ACHIEVING STEADY PRODUCTION
The actual production data of the wells treated with the restimulation system are displayed in Fig. 3. The green line represents oil production. After the treatment, the accelerated decline below the type curve was arrested, and the well produced at a constant level for the next six months. The steady production for six months yielded superior results and enhanced ultimate recovery (EUR). Using the length-customizable straddle packer enabled precise placement of target zones, maximizing treatment results, including an IRR of 160% and an NPV(10)* of 500,000.
Additionally, the cleanout and stimulation proved that the initial completion frac design was effective. This analysis enabled engineers to conclude that wells with constant pressure and no trouble on the initial completion will likely have less incremental improvement than wells that are more troublesome on initial completion.
The positive surface indication of setting and un-setting of the pin-point system provided a clear understanding and confidence of the downhole operations. Most of the clusters followed a friction pressure gradient, which indicates that the perforations were successfully treated on the initial completion, Fig. 4. Some variance in average treating pressure from cluster-to-cluster was observed, indicating heterogeneity in the formation and the fluid distribution during initial completion.

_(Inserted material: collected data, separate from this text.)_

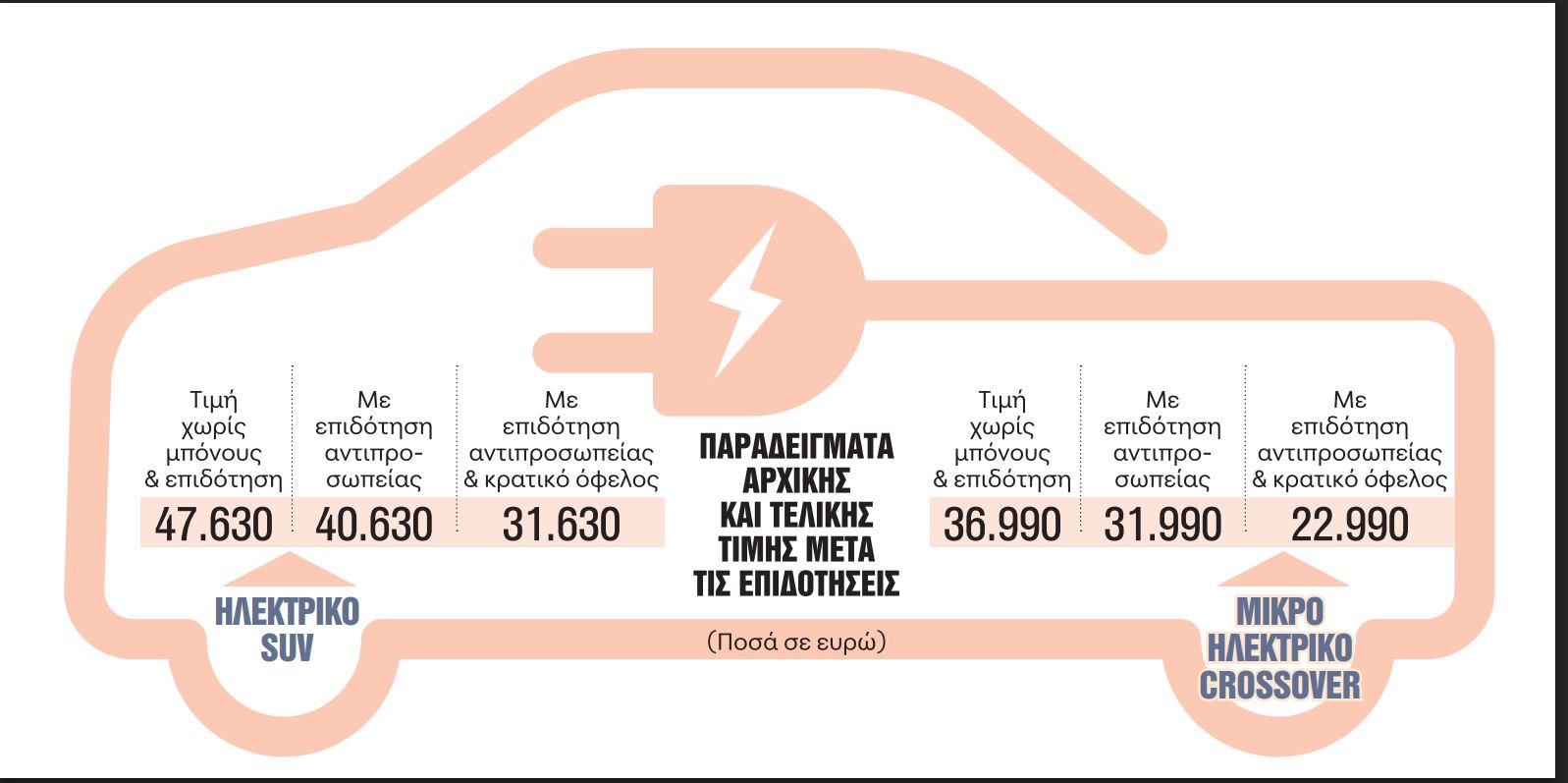 Για παράδειγμα, αμιγώς μεσαίο ηλεκτρικό SUV που κοστίζει 47.630 ευρώ με το όφελος της επιδότησης από την αντιπροσωπεία, η τιμή του διαμορφώνεται στα 40.630 ευρώ.
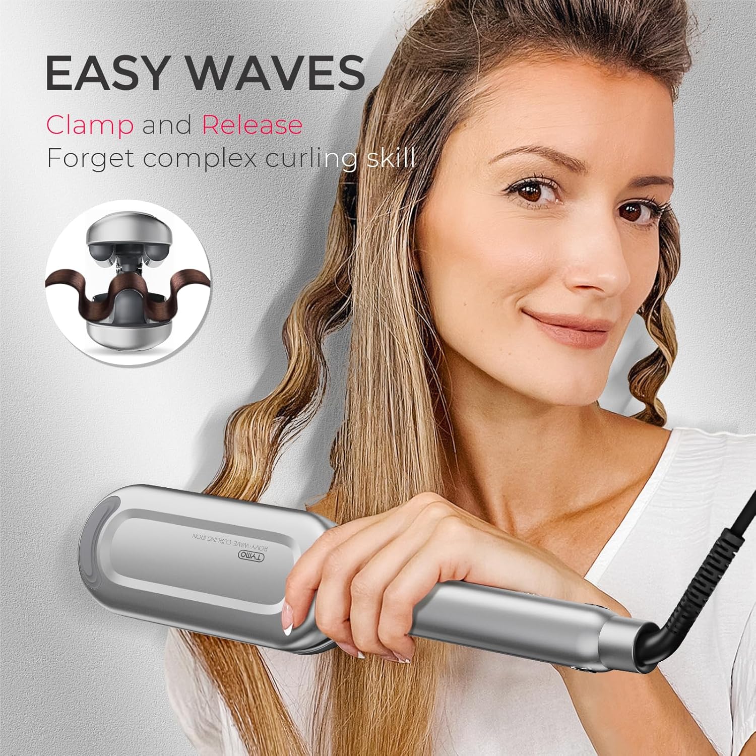 - EASY CLAMP, INSTANT CURLS: Say goodbye to hours of practice and hello to stunning daily beachy waves with just one clamp. Your hair transformation journey begins now with our curling iron!
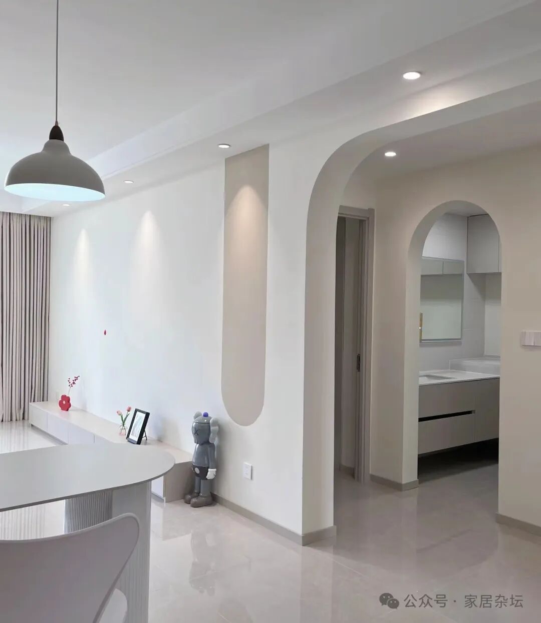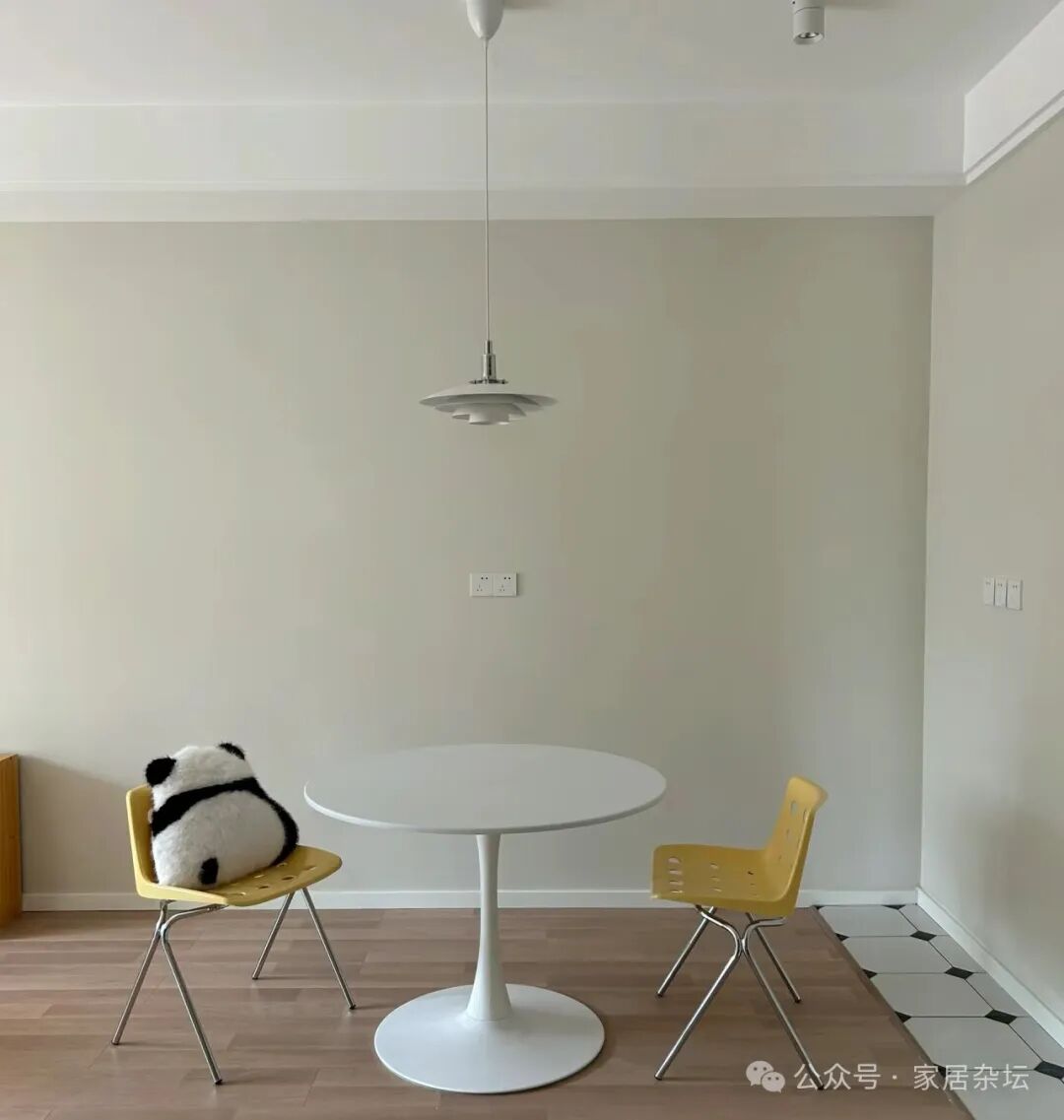 ①、对于小空间来说,一般建议大家选择浅冷色系的乳胶漆。这样可以在色调上,实现视觉上的放大空间,能够让我们的这个空间显得更明亮,更宽敞、通透。
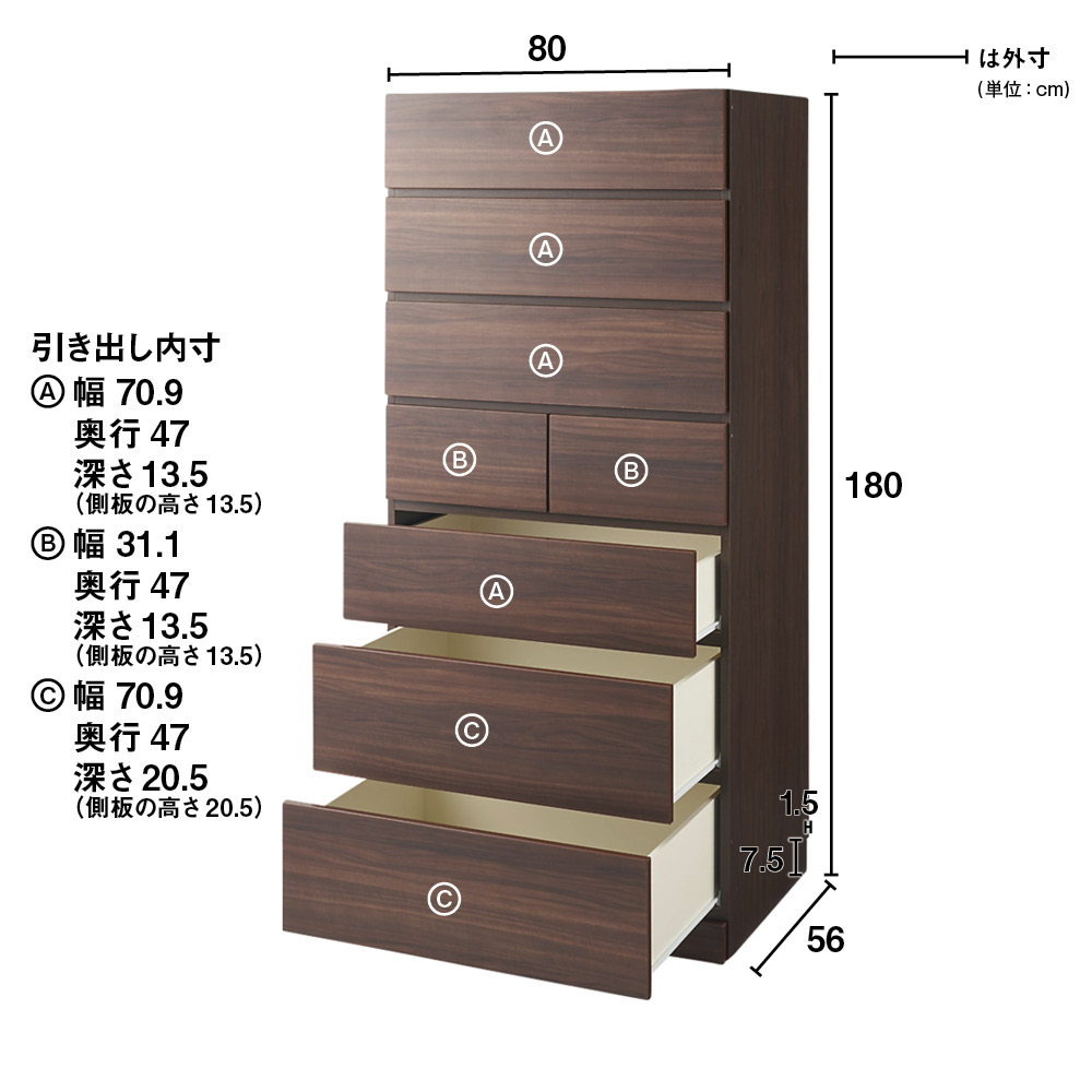 梁にぴったり、まるで備え付けのよう!これぞ壁面収納ワードローブの決定版!お部屋の複雑な天井構造にもしっかり対応してくれる一押しの機能派商品!天井の大きい梁、重なり合う梁、いろいろな梁下など、その構造で壁面収納を諦めざるを得なかった、そんな悩みを一気に解決する商品です。サイズやタイプの違う40種類から自由な組み合わせが可能なしたい衣類収納空間を実現する一押しの壁面収納ワードローブシリーズ!商品のポイントは3つあります(1)本体高さ140cmと180cmの2タイプあることにより対応する天井または梁下高さが168〜272cmとなり、対応範囲がとても広くなっております。(2)幅30cm、40cmの幅の狭い本体、上置きをご用意することで、縦方向の大きな梁下でも突っ張れるように考慮しております。(3)上置きの突っ張り板を隠して見た目をスッキリさせながら、(本体よりも)奥行の浅い梁下でも突っ張れるように、突っ張り板の奥行も浅くしつつ、後方に位置させております。上記のポイントから、大きな梁、高さはあるけど奥行は浅い梁、縦方向の大きな梁といった様々なタイプの梁下でも設置できるようになっている優れもの商品です。1.シリーズバリエーション40種類以上●幅は30cm、40cm、60cm、80cmの4サイズから。●奥行は56cmで全シリーズ共通です。●本体商品の高さは140cmと180cmの2タイプとなっております。●型タイプはハンガータイプ (※140cmはハンガーバー1本、高さ180cmはハンガーバー2本)ハンガー&引き出しタイプ棚タイプタワーチェストタイプからお選びいただけます。●商品カラーは清潔感のある優しい艶色のホワイト、自然の温もりを感じる横木目調のナチュラル、上質空間を演出する大人な横木目調のダークブラウンの3色からお選びいただけます。2.うれしい機能が充実な、こだわりの設計構造!●扉はプッシュ式扉になっているので、手で押すだけでスムーズに開閉できる仕様になっております。●引き出しが付いている商品はスライドレール仕様となっており、開け閉めがとてもラクラクです。●上置き商品は突っ張り式なので、商品と天井をしっかり支えることができとても安心です。●本体は床と接する部分の板を厚めにしており、床からのほこり侵入を開閉時も抑えることができます。●最下段の引き出しは、ラグなどを手前に敷いていても引っかからずにスムーズに開閉できます。●本体は幅木対応(1.5cm×7.5cm)となっておりますので、壁にピッタリの設置が出来ます。●転倒防止バンドもついておりますので、上置き購入がなく本体のみても安心してお使いいただけます。●こだわりのシートをぜいたくに使用しており、高級感のある商品に仕上がっております。●ホワイトは優しい艶感のある清潔感溢れる汚れに強いエクセルイーゴスシートを使用。●ナチュラルとダークブラウンには横木目が美しく映え、摩擦や傷にも強いオレフィンシートを使用しております。●飽きの来ないシンプルを追求した洗練デザインなので、どんなお部屋にもマッチし、末永くお使いいただけます。3.商品補足説明●本体幅30cmと幅40cmの扉タイプ商品のご購入を検討されている方は、扉の右開き、左開きを選択してご購入していただけます。(※タワーチェストタイプは除く)●もちろん梁のない壁面の天井でもばっちり設置可能ですので、マンションでも一戸建てにお住まいのお客様でもご使用いただけます。●上置きご希望の方は、本体の幅サイズに合わせて、高さ26〜90cmでオーダーできます。本体との組み合わせで天井【梁下】対応は168cm〜272cmとなります。
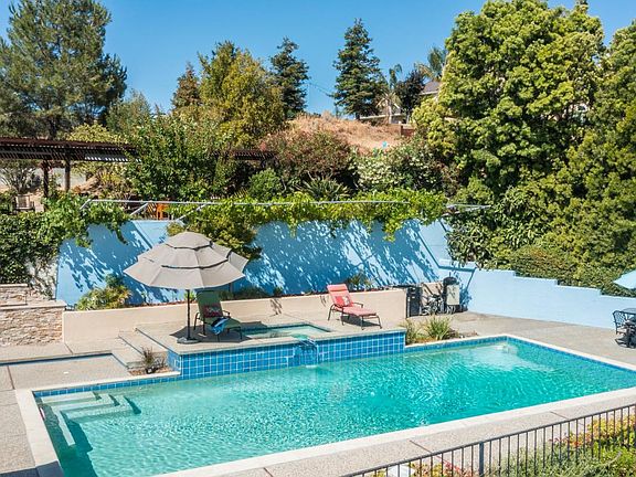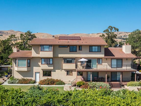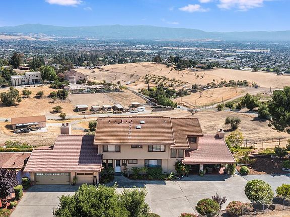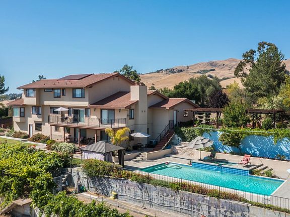 Huge price reduction. Beautiful custom 3 story Contemporary Ranch Home. 5 bed and 5.5 bath, 4,633 sq ft on over 4 acres with gorgeous mountains and city light views. Property boast a 3 car attached garage with gorgeous outdoor entertaining with sparkling swimming pool. Private Gated Entrance large driveway and extra parking. Large upgraded Kitchen, with custom cabinetry, granite countertops, newer appliances, separate living and family rooms w/high ceilings. Bedroom on main floor with full bathroom. Upper floor has 4 Beds, 3 baths included Master Suite with high ceiling, walk-in closet en- suite bath w/sauna. Lower level has wine cellar, large game room w/bar, full bath, opens out to back yard with built-in barbecue, grape vines and fruit trees. Large separate 1,500 sf. shop/ garage on the lower area of the 4 acre lot. This property is ideal and large enough to a have vineyard plantation, have animals such as horses or run a business with the extra space to park trucks and equipment.
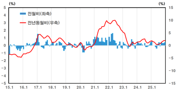 한편 2025년 생산자물가지수는 전년 대비 1.2% 상승했다. 코로나19 팬데믹이 한창이던 2022년 8.4%가 올랐던 연간 생산자물가는 2023년 이후 1%대 상승 흐름(23년 1.6% 24년 1.7%)을 이어가고 있다. 연간 국내공급물가지수와 총산출물가지수는 전년 대비 각각 0.7%, 1.5% 올랐다.
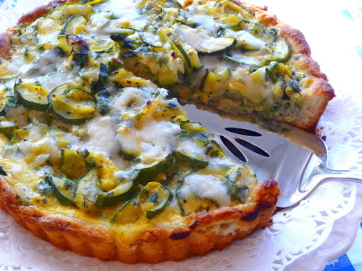 Unfold crescent dough from the tube and press dough evenly into the bottom and up the sides of tart pan to form a crust, pressing gently to seal any perforations; spread crust with pesto. (NOTE: If you will be using a shortcrust pastry recipe instead of the crescent roll dough, you will need to blind-bake it before adding the filling).

The restimulation technology is best suited for use in wells that demonstrate inequivalent frac penetrations within the zone during the initial completion. The pressure reading at the surface, coupled with the pressure charts from the initial fracturing, provide critical data about each cluster. Performing an engineering analysis of each perforation cluster during the treatment allows the operator to determine if it is warranted to refracture that cluster by pumping high-pressure proppant into the formation. The system is able to stimulate and refrac on the same trip, so each cluster can be evaluated efficiently. Going forward, poorly producing wells that had troubles on initial completion can be tested with this tool in an attempt to open more of the wellbore to the reservoir and increase production.